The program successfully rids parks of pet waste by attacking the problem from two angles: through public education, and through the consistent and reliable supply of tools necessary to "doo the right thing," according to Poo Free Parks' Web site.
All signs have educational information about pet owners' responsibility to pick up after their pets and about the environmental risks of leaving behind dog waste. "It's not fertilizer. It's a water contaminant if you leave it behind," Airy said.
In addition, each 12-by-18-inch sign includes the logo and messaging of the sponsoring party.
The South Suburban Parks and Recreation District near Denver became the first participant in 2010. The program has since grown to include 675 stations in some 150 parks in the greater Denver and Chicago areas as well as Southern California and Portland, Ore., with expansion planned to other states.

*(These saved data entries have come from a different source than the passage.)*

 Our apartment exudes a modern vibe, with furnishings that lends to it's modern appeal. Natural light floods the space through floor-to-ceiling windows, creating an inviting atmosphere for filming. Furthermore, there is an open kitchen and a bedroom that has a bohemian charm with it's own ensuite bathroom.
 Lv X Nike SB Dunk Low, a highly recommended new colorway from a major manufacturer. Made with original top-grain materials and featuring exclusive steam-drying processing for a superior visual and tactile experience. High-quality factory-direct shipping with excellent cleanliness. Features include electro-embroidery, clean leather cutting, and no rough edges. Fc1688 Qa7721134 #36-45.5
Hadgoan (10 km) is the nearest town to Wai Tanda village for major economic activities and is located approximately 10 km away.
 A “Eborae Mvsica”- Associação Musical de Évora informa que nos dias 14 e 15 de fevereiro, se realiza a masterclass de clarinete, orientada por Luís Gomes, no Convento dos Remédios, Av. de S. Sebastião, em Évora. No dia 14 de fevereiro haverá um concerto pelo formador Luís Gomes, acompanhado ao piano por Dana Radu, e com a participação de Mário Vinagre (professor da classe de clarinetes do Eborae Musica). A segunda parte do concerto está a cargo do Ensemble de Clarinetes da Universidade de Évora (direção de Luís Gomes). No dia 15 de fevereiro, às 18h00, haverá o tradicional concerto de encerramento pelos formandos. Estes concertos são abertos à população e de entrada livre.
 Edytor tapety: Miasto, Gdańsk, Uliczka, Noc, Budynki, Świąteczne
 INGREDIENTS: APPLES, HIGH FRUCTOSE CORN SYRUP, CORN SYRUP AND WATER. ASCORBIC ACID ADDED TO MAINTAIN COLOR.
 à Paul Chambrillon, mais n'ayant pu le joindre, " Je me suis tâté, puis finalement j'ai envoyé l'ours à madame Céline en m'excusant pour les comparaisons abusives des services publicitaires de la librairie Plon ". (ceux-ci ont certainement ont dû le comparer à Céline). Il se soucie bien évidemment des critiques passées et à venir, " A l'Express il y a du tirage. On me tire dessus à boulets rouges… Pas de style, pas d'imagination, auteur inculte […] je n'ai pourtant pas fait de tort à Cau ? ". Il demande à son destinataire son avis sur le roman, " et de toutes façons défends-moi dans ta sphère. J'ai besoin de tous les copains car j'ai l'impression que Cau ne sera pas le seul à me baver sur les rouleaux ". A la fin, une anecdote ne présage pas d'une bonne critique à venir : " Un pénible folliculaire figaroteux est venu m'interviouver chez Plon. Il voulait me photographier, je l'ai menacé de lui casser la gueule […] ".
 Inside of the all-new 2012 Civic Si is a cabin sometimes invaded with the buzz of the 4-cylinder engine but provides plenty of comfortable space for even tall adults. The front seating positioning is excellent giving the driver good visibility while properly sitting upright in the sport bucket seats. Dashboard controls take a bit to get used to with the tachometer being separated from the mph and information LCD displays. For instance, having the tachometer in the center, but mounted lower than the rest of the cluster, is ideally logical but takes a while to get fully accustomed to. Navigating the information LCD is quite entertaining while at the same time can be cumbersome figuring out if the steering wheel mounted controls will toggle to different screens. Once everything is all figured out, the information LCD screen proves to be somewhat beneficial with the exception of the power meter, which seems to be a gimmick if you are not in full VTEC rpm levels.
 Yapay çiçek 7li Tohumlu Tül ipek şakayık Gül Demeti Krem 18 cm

In October 2011, Aurora, which is Colorado's third largest city, joined the roster of communities taking advantage of the Poo Free Parks program, which is expected to save the city up to $20,000 annually.
However, "You can't really put a price on having a better appearance and better public service" in the park system, said Sherri-Jo Stowell, marketing specialist for Aurora's Parks, Recreation and Open Space department . "We want to provide good customer service to our park users. And we consider ourselves good environmental stewards."
Her sentiments are echoed as far as the Midwest. "The program fits the district's ongoing mission to protect and improve the natural environment," writes Rich Grodsky, executive director for the Elmhurst Park District in Illinois, in a testimonial. "It helps keep our parks clean and provides an added convenience for park users and their pets, while providing a cost savings to the district and creating jobs in the community."
The program includes the installation, supply and upkeep of pet waste bag dispensers made from 100 percent recyclable aluminum, filled with 100 percent biodegradable bags designed to naturally deteriorate within 18 months. (Regular polyethylene bags take 1,000 years to break down.) The dog waste dispensers are maintained weekly by crews driving hybrid vehicles.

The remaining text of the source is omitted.